Name: perl-%module_name
Version: 0.06
Release: alt1
Summary: Pure Perl extraction of n-grams and skip-grams
Group: Development/Perl
License: perl
Url: %CPAN %module_name

Source0: http://mirror.yandex.ru/mirrors/cpan/authors/id/N/NI/NIDS/%{module_name}-%{version}.tar.gz
BuildArch: noarch

%description
The module provides a way to extract both n-grams and skip-grams from a text, a sentence or fro man array of tokens.

A n-gram is defines as an ordered sequence of tokens in a piece or text.  Some frequent n-grams such as 2-grams, are also called bigrams and they represent all the ordered pairs of words in a text.  For instance, the text "a rose is a flower" is composed by 4 bigrams: "a rose", "rose is", "is a", "a flower".

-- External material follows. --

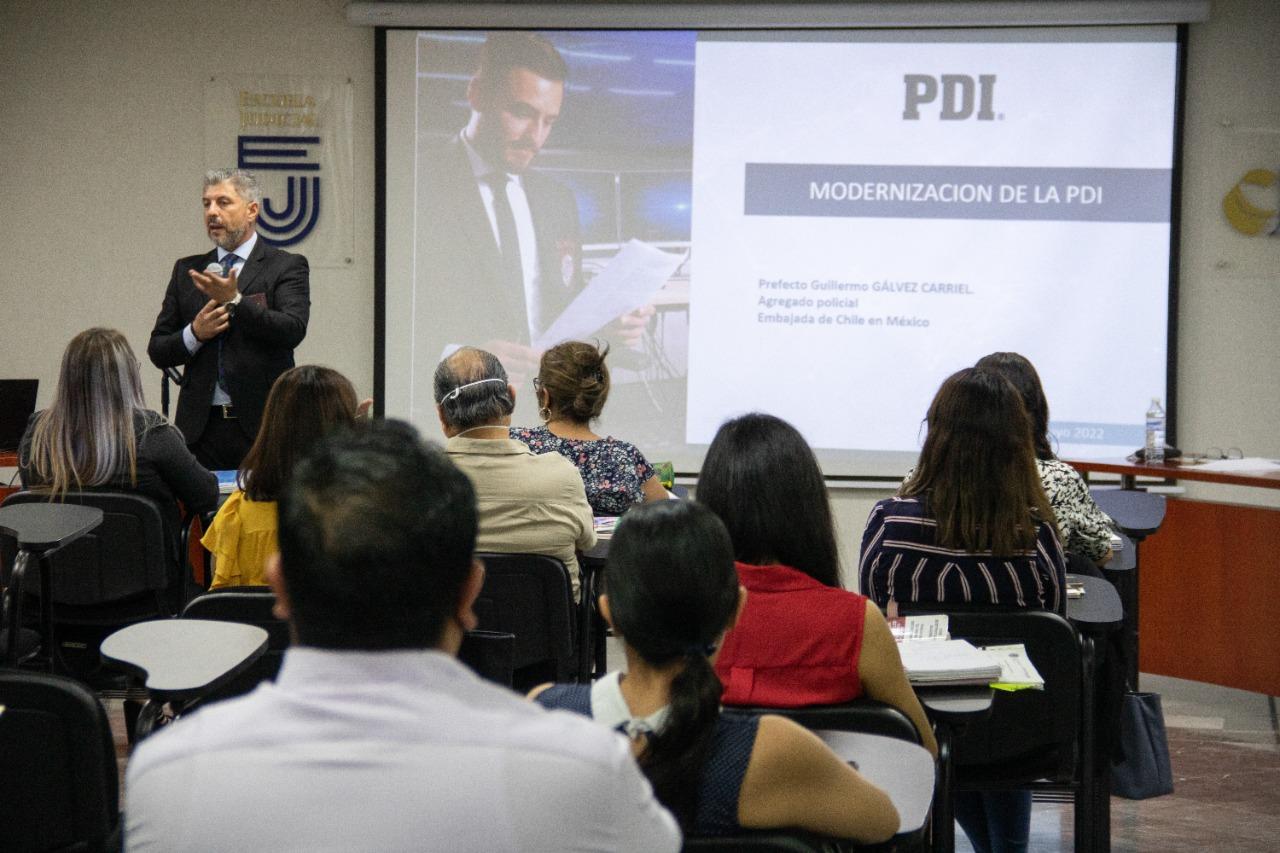 Es así que, con el objetivo de fortalecer las buenas prácticas en materia de seguridad pública, el agregado de la Policía de Investigación de Chile en México -quien cuenta con amplia experiencia en la policía de su país en materia de investigación- compartió con los integrantes del Diplomado los procesos de profesionalización de la Policía de Investigación de Chile (PDI) así como la función policial y el respeto a los derechos humanos.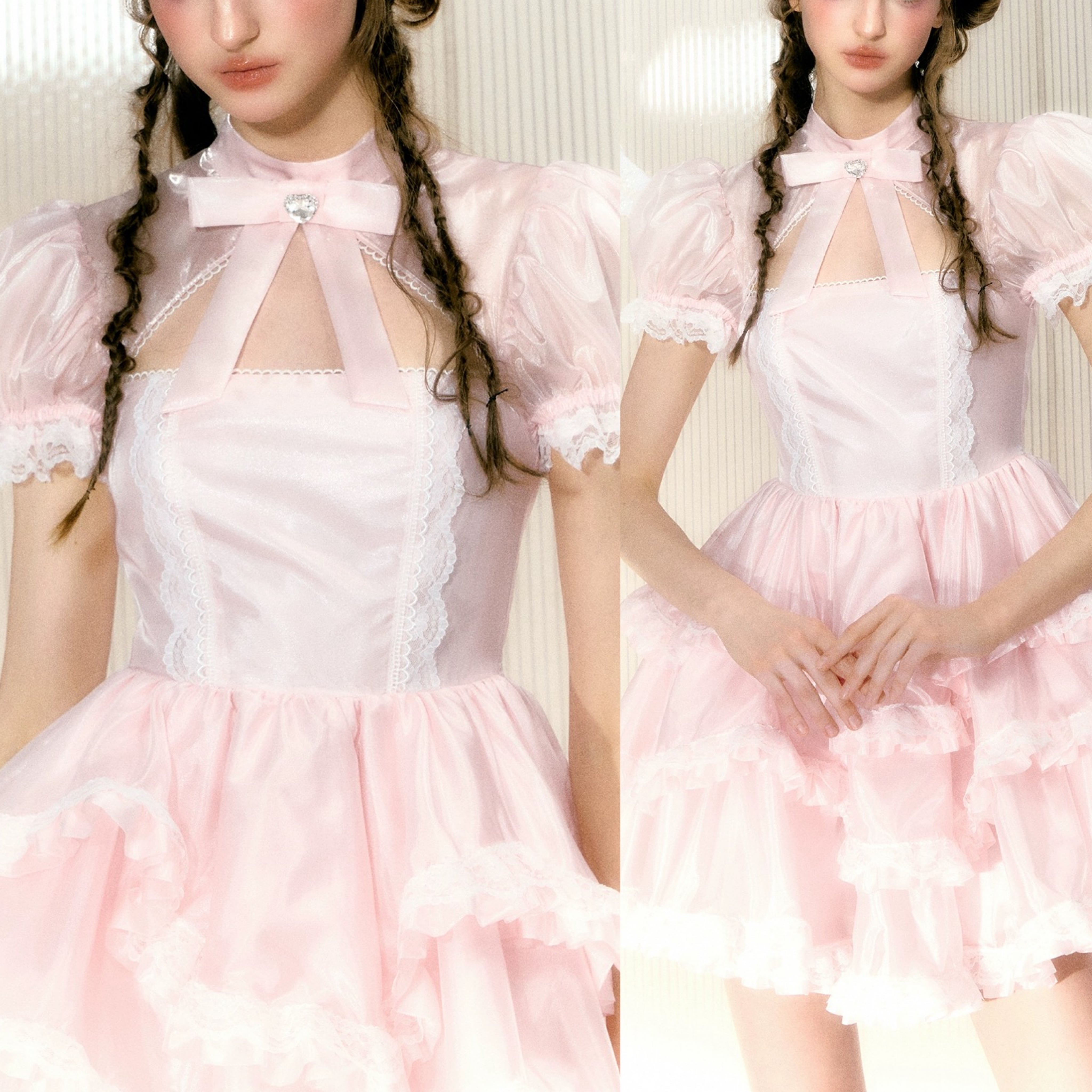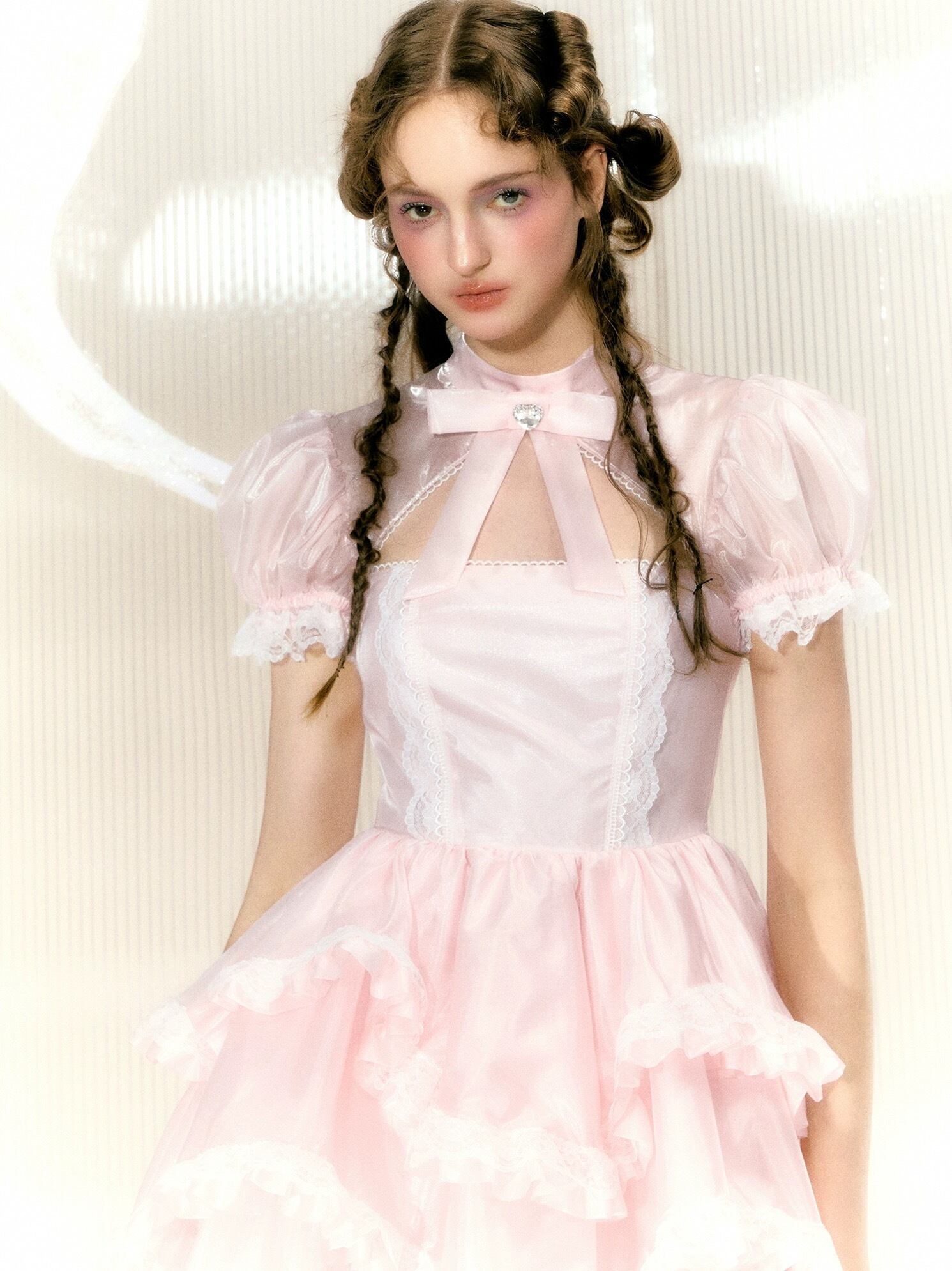 ピンク ガーリー リボン 可愛い パーティー ドレス ブラウス 発表会 衣装 バレリーナ コスプレ お嬢様 姫 プリンセス かわいい 原宿 パーティー ドレス ブラウス ミニスカート エレガント 衣装

A skip-gram is defined as an ordered sequence of *n* tokens from a text with a predetermined interval *k*.  For instance, the skip-gram with n=2 and k=1 for a piece of text are all the sequences of tokens of length 2 with interval 1 between the tokens.  For instance, the text "a rose is a flower" is composed by 3 skip-grams with n=2 and k=1: "a is", "rose a", "is a", "is flower".  A skip-gram with k=0 is the same of a n-gram of the same size, e.g., a 2-skip-gram with k=0 is the same of a bigram.

A broader, and better, discussion on n-grams and skip-grams can be found at https://en.wikipedia.org/wiki/N-gram.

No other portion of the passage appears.